--- Material provided Enclosed Below ---

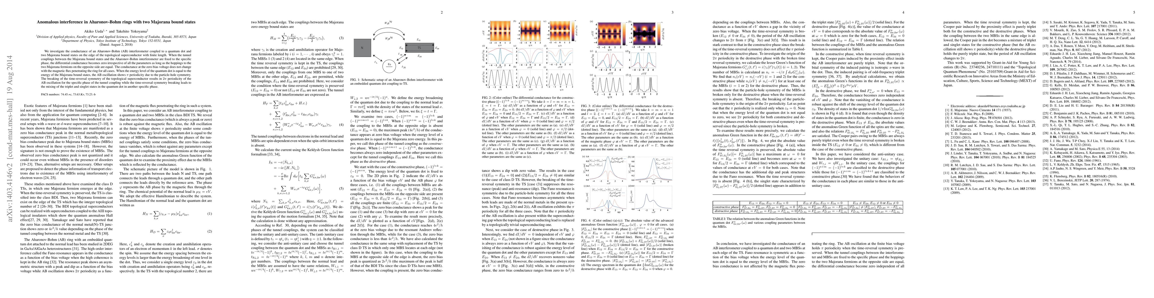 We investigate the conductance of an Aharonov-Bohm (AB) interferometer coupled to a quantum dot and two Majorana bound states on the edge of the topological superconductor with finite length. When the tunnel couplings between the Majorana bound states and the Aharonov-Bohm interferometer are fixed to the specific phase, the differential conductance becomes zero irrespective of all the parameters as long as the hoppings to the two Majorana fermions on the opposite side are equal. The conductance at the zero bias voltage does not change with the magnetic flux penetrating the ring for all cases. When the energy level of the quantum dot is equal to the energy of the Majorana bound states, the AB oscillation shows \pi periodicity due to the particle-hole symmetry. The breaking of the time-reversal symmetry of the topological superconductor results in 2\pi periodicity of the AB oscillation for the specific phase of the tunnel coupling while the time-reversal symmetry breaking leads to the mixing of the triplet and singlet states in the quantum dot in another specific phase.
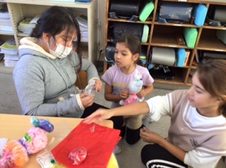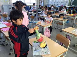 色の組み合わせを考えて袋につめ、それをつなぎ合わせて楽しい友だちを作ります。発想力豊かな3年生。いろいろな友だちが生まれています。
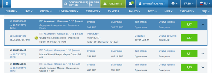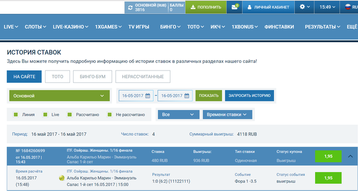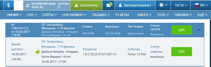 привет, интересный блог, слежу. Тоже ставлю на 1хбете, раньше минусовал, щас в плюс выхожу постепенно, проблем с выводом ниразу не было) сегодня так полайвил:
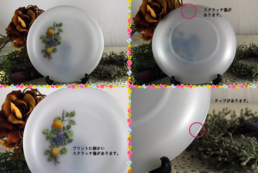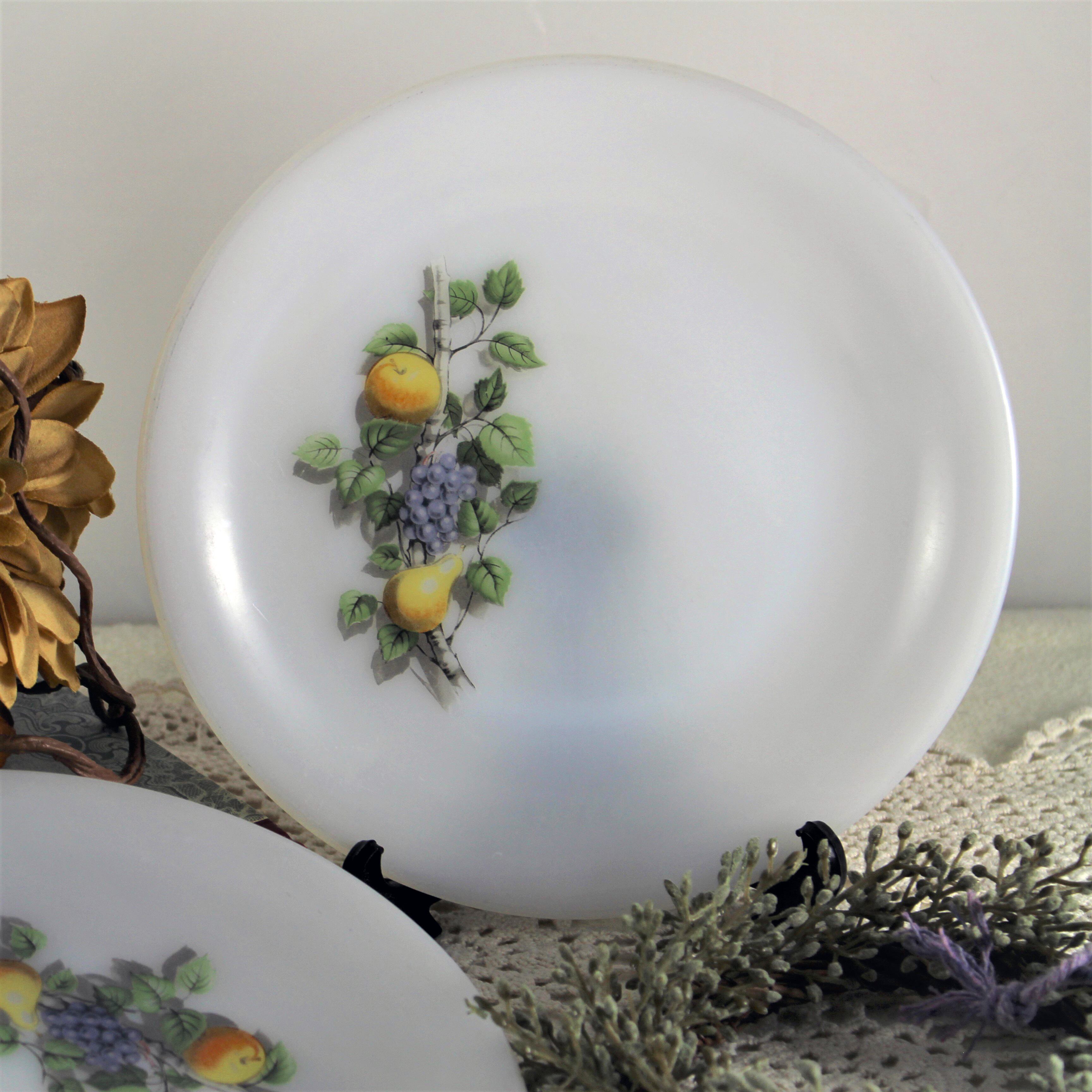 フランス製“ARCOPAL(アルコパル)”のシックなフルーツ柄のデザート皿2枚セットです。

--- End of Enclosed Material provided ---

▶ _Exercise instructions_
Transcribe the material above in full. No picture is to be copied.

▶ _Answer below_
 We investigate the conductance of an Aharonov-Bohm (AB) interferometer coupled to a quantum dot and two Majorana bound states on the edge of the topological superconductor with finite length. When the tunnel couplings between the Majorana bound states and the Aharonov-Bohm interferometer are fixed to the specific phase, the differential conductance becomes zero irrespective of all the parameters as long as the hoppings to the two Majorana fermions on the opposite side are equal. The conductance at the zero bias voltage does not change with the magnetic flux penetrating the ring for all cases. When the energy level of the quantum dot is equal to the energy of the Majorana bound states, the AB oscillation shows \pi periodicity due to the particle-hole symmetry. The breaking of the time-reversal symmetry of the topological superconductor results in 2\pi periodicity of the AB oscillation for the specific phase of the tunnel coupling while the time-reversal symmetry breaking leads to the mixing of the triplet and singlet states in the quantum dot in another specific phase.
 色の組み合わせを考えて袋につめ、それをつなぎ合わせて楽しい友だちを作ります。発想力豊かな3年生。いろいろな友だちが生まれています。
 привет, интересный блог, слежу. Тоже ставлю на 1хбете, раньше минусовал, щас в плюс выхожу постепенно, проблем с выводом ниразу не было) сегодня так полайвил:
 フランス製“ARCOPAL(アルコパル)”のシックなフルーツ柄のデザート皿2枚セットです。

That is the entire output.